Extensively drug resistant tuberculosis. It's time to pay for our over-use of antibiotics.
Every time you use an antibiotic you run the risk of not killing the bacteria, especially if the course of the antibiotic is abandoned when the patient feels better. This gives evolution room to operate, the more resistant survive, and eventually the entire population of bacteria are resistant.
To date, new antibiotics have been found and we set off down the path towards resistance again.
Now it is the End Times. We have no more new antibiotics. Overuse of the antibiotics (even giving them to perfectly fine chickens so they will grow with no individual care) has lead to bacteria which resist multiple antibiotics.

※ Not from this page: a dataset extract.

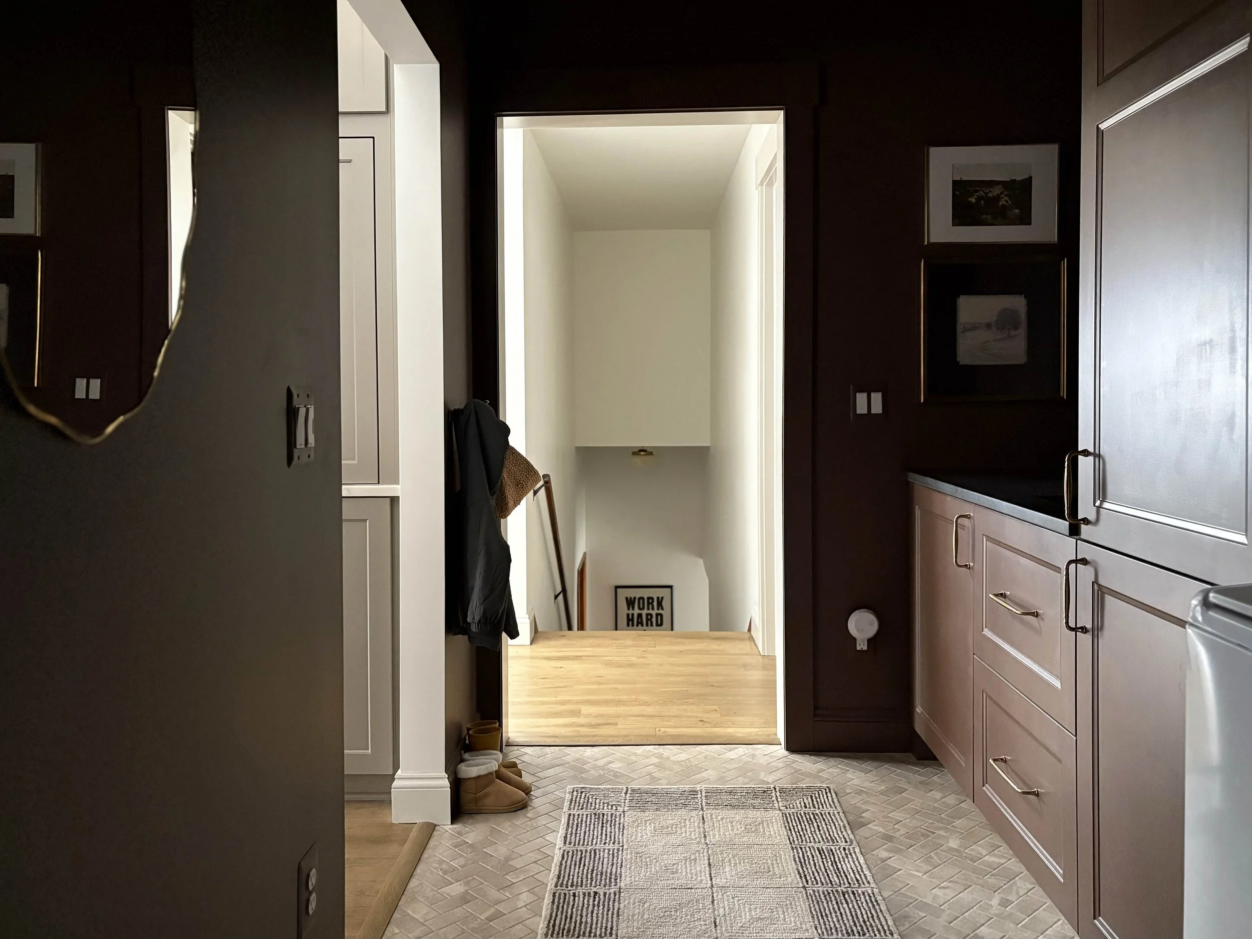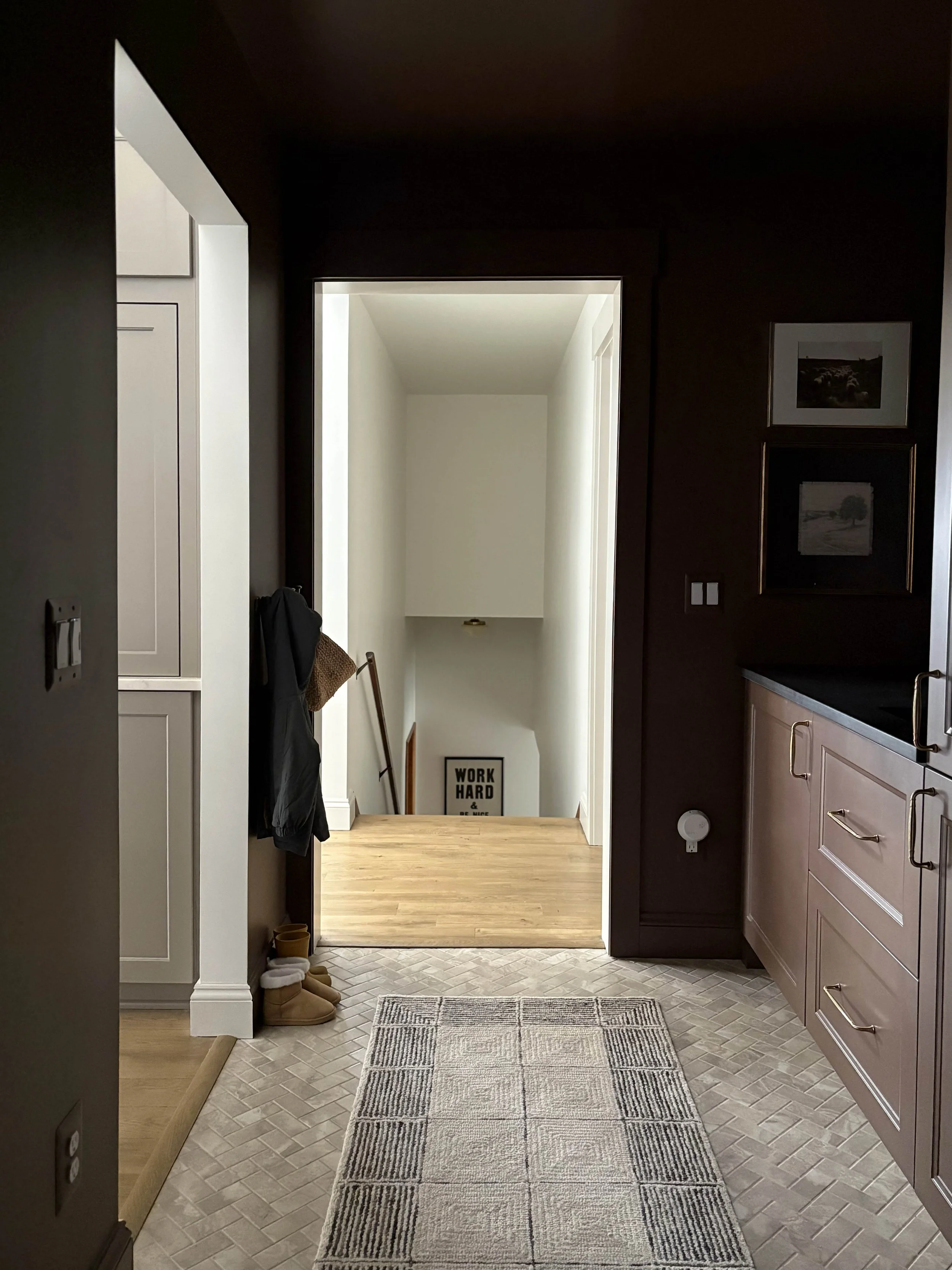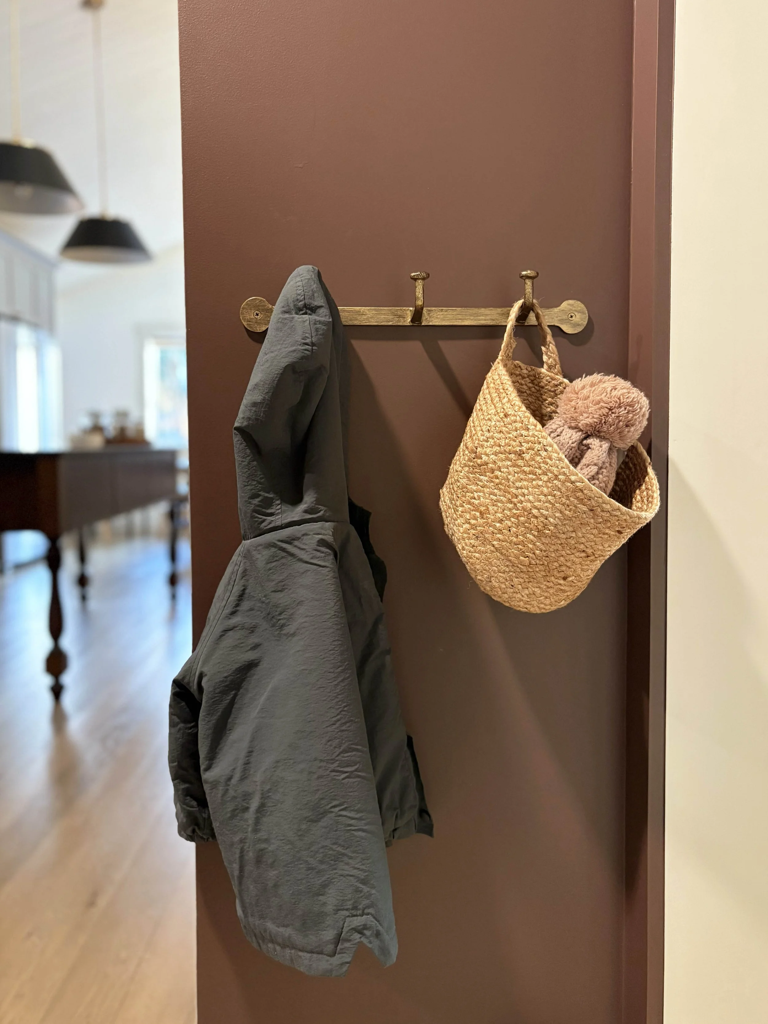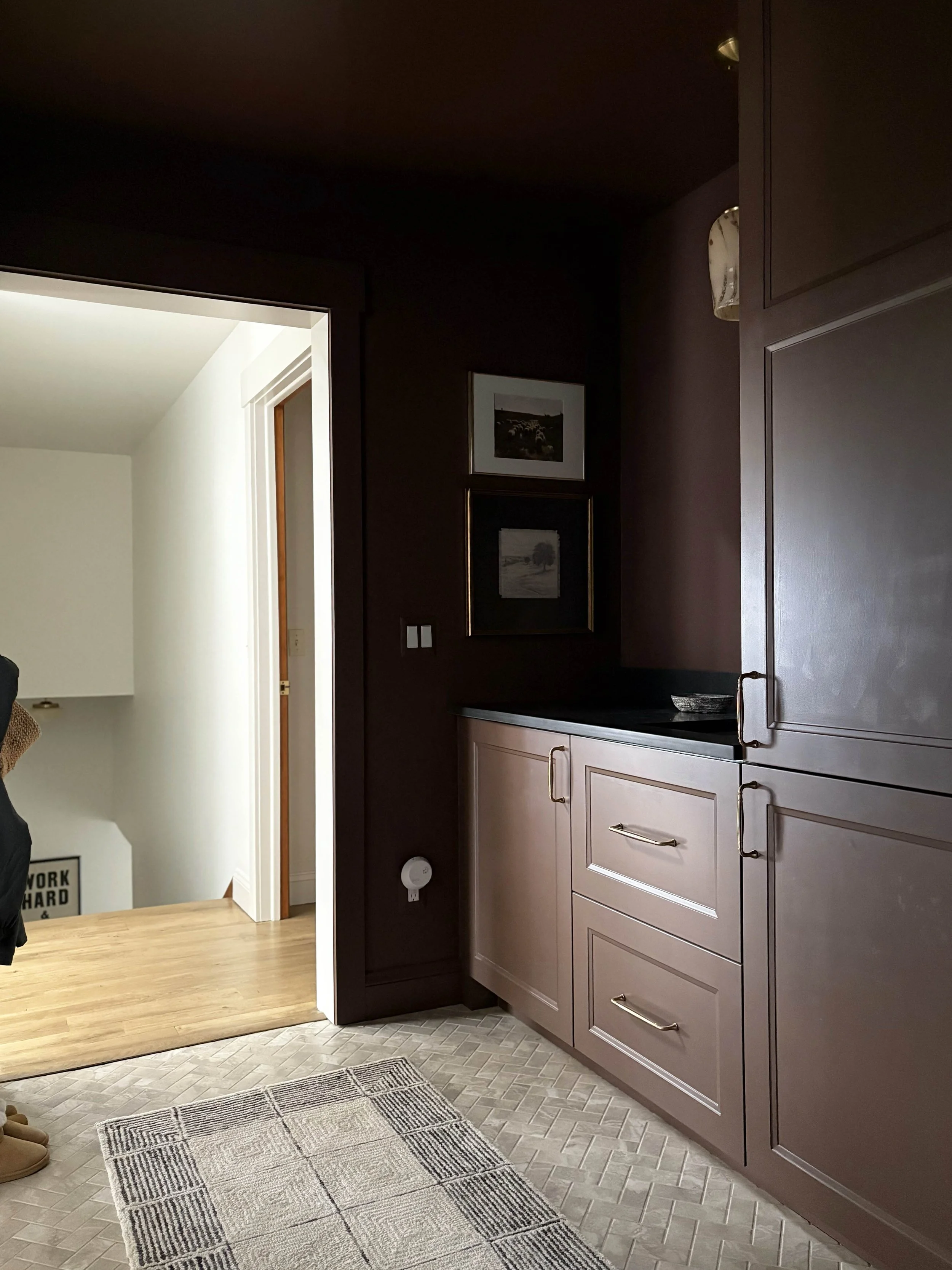 Let’s start with the color choice because that is definitely what I get the most comments on. I really wanted the design of this room to exude the strength of this little powerhouse space and so I decided to go all-in. We completely color-drenched this room - walls, ceiling, trim, cabinetry. Everything. I wanted the color to be moody and impactful, but still be neutral enough to connect with all the other tones and finishes throughout our main living space. I settled on this rich brown tone after swatching a handful of colors on the walls and feeling that this one struck the right balance of brown, red, and purple. It’s called Hasbrouck Brown by Benjamin Moore and makes you feel like you’re stepping into a hug when you walk in the door.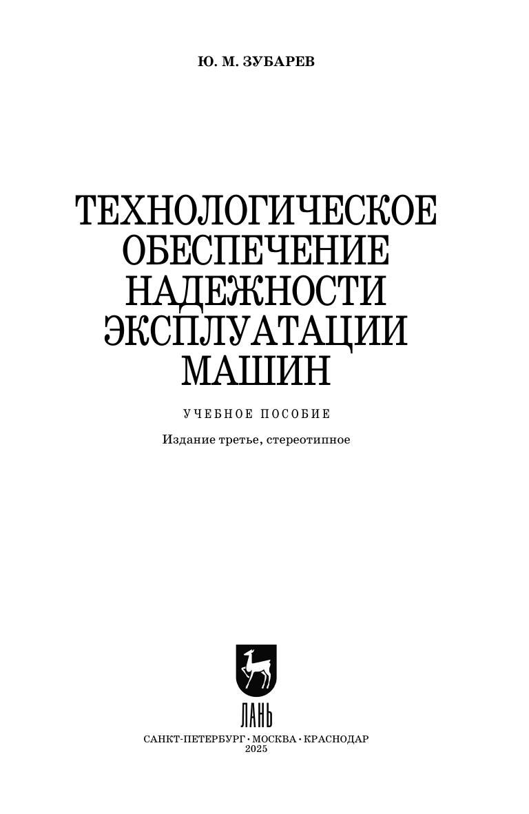Технологическое обеспечение надежности эксплуатации машин

XDR bacteria have simply been through enough evolution to be resistant to all antibiotics. Treatment has to return to the pre-Penicillin era. That's fine for some bacteria, they can be treated with old-fashioned sulphur drugs, although this is not as effective and weaker people will die. But there was no effective pre-Penicillin treatment for the common disease tuberculosis.
XDR TB is the new AIDS because is has the attributes that made our response to AIDS so poor.
Complicated by religion. Many religions forbid homosexuality and some forbid condoms. Understanding XDR TB requires accepting evolution, something many Christian religions cannot do. Many of these religions can command more resources than public health agencies. As with AIDS some may use these resources to undermine public health efforts, such as the Catholic Church's view that condoms are ineffective in controlling the spread of HIV via sex.
Long lead times. Politicans had to make unpopular decisions that would not have an immediate effect. The same is true of XDR TB. For exampple, doctors should be required to justify any use of the second-line antibiotics and be prepared to be audited for all their antibiotic use. That oversight does not sit well on doctors view of themsleves, and any government suggesting it will make itself unpopular with a influential community for no immediate effect.
Confounded traditional public health measures. This was probably more true of AIDS, where the paranoia and lack of honesty of closeted homosexuals made it difficult to make AIDS a notifiable disease and to do contact tracking. But our era has cheap global air travel, which was only in its infancy in the 1980s. We don't have effective means for tracking people across the globe. And, as with AIDS, overblown privacy concerns may well stymie and effective response until it is too late.
As with AIDS, government action is lacking. Last week my daughter bought home a pamphlet saying that you should not use antibiotics for a common cold. That pamphlet is twenty years too late. The horse has long bolted, and the issue is now one of damage control.
A vaccine for TB exists, Bacillus Calmette-Guérin, which is a weakened TB. As such it carries risks greater than other childhood injections and also results in positive diagnostic tests for TB. Western nations do not give the BCG vaccine to infants, because TB is not widespead and a simple test allows for better treatment of the occassional cluster of TB.
But worst of all, we don't know if BCG works anymore, and by how much. Measures of efficacy have wildly differing results, which appear to differ by geography, and we don't know why. BCG is a live bacteria, it is even possible that it has changed since it was widely used after WWII. We simply don't know yet.
There seems reasonable hope for new vaccines. Which is a relief after our ongoing failures with HIV. But if these do not appear within the next five years then we will have a public health disaster of the scale of AIDS.